What you are asked to do: Keeping pictures out of the copy, restate each record word for word.

===== Input records

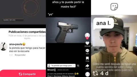 Según consta en la denuncia, el perfil posee únicamente dos publicaciones en las que «se observa un video de las partes de un arma de fuego aparentemente 9 milímetros», acompañado por la leyenda: «Mi novio entreno box 5 años y te puede partir la madre fácil». A esto se suman expresiones más directas vinculadas al uso de armas: «Yo con una pistola en mi bolsillo» y «La pistola que tengo para hacer eso en la escuela».
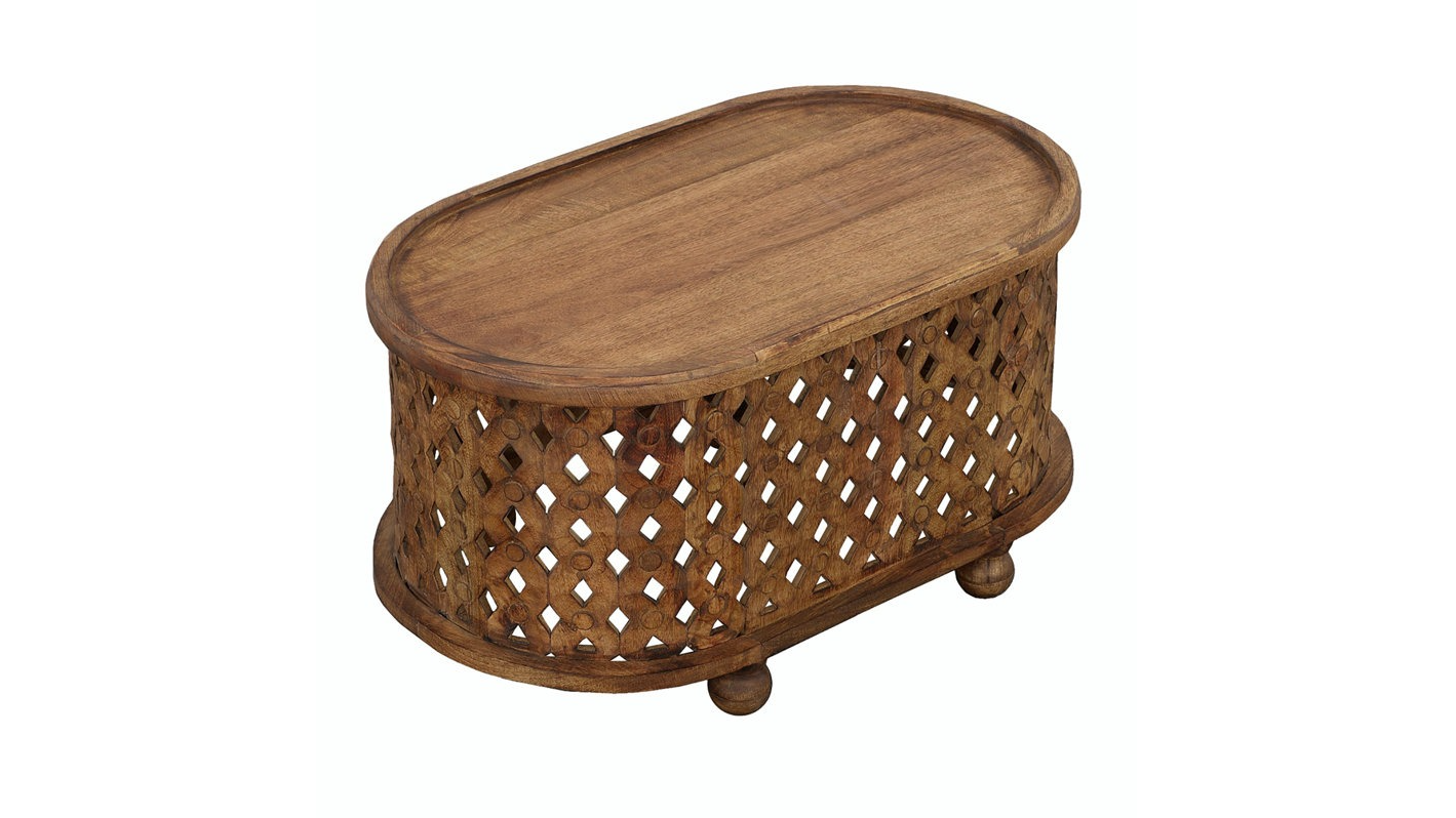style. It's made of solid mango wood that displays wood knots and
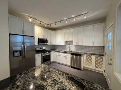 This is a recently renovated 3 bedroom, 1st floor apartment with all new wiring and plumbing. A high efficiency central air and heating system was installed along with new windows. This unit has hardwood floors and ceiling fans in each bedroom as well as the living room. The kitchen features granite countertops, white cabinets, and stainless appliances including a refrigerator with water & ice in the door, gas oven/range, built in microwave, and dishwasher. The ceramic tiled bathroom has a large soaker tub and double vanities. Exposed brick adds lots of charm. The washer and dryer are in the apartment. This apartment has access to the basement for storage and one off street parking space is included. Landlord pays water and trash. Tenant pays gas and electric.
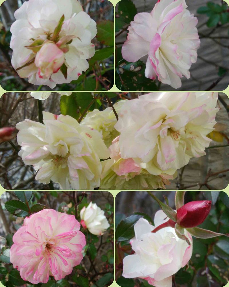 同じ木から白からピンクへ色々な表情で咲いています。
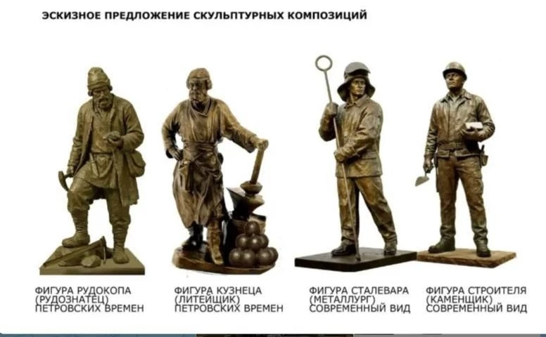 Проект включает две пары фигур: рудознатец и кузнец-литейщик «петровских времён», а также сталевар и строитель как символ современности. Место выбрали неслучайно — здесь находилось ядро старого заводского комплекса.
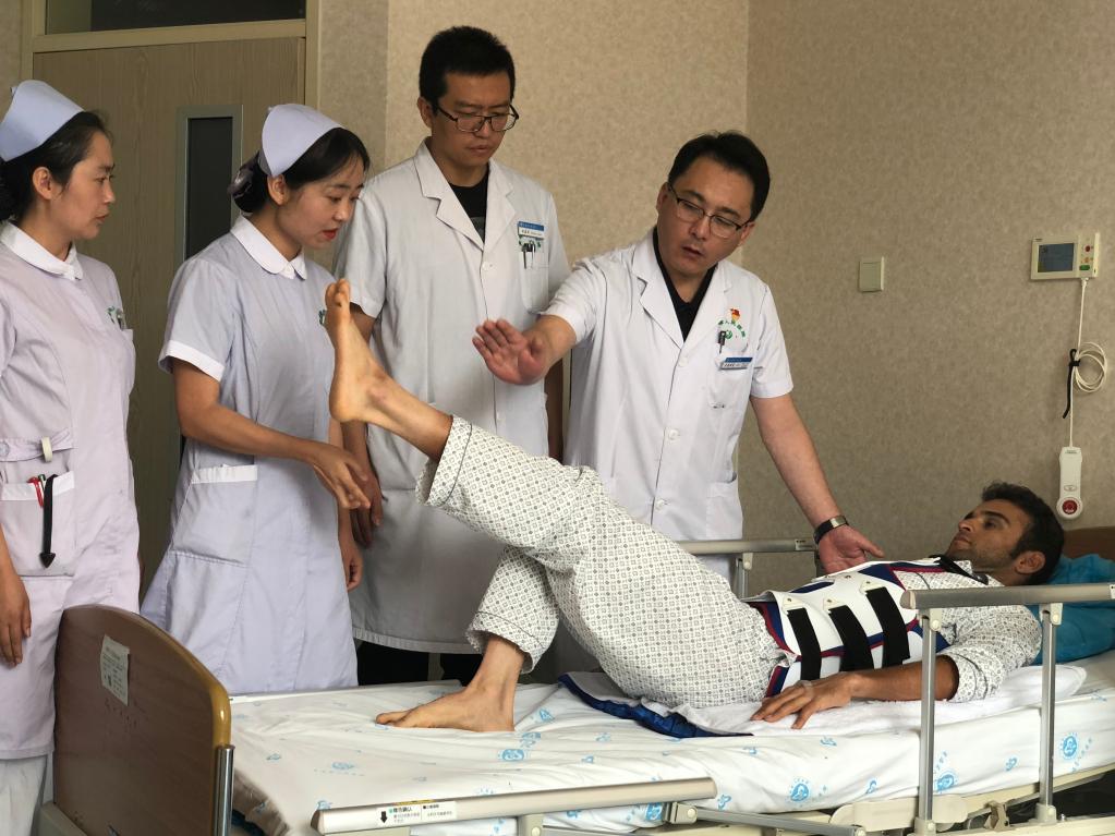 青海省人民医院骨四病区主任医师索南昂秀(左四)正在为患者做检查。(受访者供图)
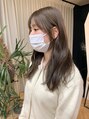 顔まわりのシースルーバング、韓国風の後れ毛レイヤーで印象を作り、全体はぷつっとカット、表面、ミドルに低めのレイヤーでゆるく巻いた時にニュアンスが出るように。ブリーチを使わずにハイトーンのベージュカラーを作りました!ラベンダーで透明感を。

==========

Output for this exercise:
 Según consta en la denuncia, el perfil posee únicamente dos publicaciones en las que «se observa un video de las partes de un arma de fuego aparentemente 9 milímetros», acompañado por la leyenda: «Mi novio entreno box 5 años y te puede partir la madre fácil». A esto se suman expresiones más directas vinculadas al uso de armas: «Yo con una pistola en mi bolsillo» y «La pistola que tengo para hacer eso en la escuela».
style. It's made of solid mango wood that displays wood knots and
 This is a recently renovated 3 bedroom, 1st floor apartment with all new wiring and plumbing. A high efficiency central air and heating system was installed along with new windows. This unit has hardwood floors and ceiling fans in each bedroom as well as the living room. The kitchen features granite countertops, white cabinets, and stainless appliances including a refrigerator with water & ice in the door, gas oven/range, built in microwave, and dishwasher. The ceramic tiled bathroom has a large soaker tub and double vanities. Exposed brick adds lots of charm. The washer and dryer are in the apartment. This apartment has access to the basement for storage and one off street parking space is included. Landlord pays water and trash. Tenant pays gas and electric.
 同じ木から白からピンクへ色々な表情で咲いています。
 Проект включает две пары фигур: рудознатец и кузнец-литейщик «петровских времён», а также сталевар и строитель как символ современности. Место выбрали неслучайно — здесь находилось ядро старого заводского комплекса.
 青海省人民医院骨四病区主任医师索南昂秀(左四)正在为患者做检查。(受访者供图)
 顔まわりのシースルーバング、韓国風の後れ毛レイヤーで印象を作り、全体はぷつっとカット、表面、ミドルに低めのレイヤーでゆるく巻いた時にニュアンスが出るように。ブリーチを使わずにハイトーンのベージュカラーを作りました!ラベンダーで透明感を。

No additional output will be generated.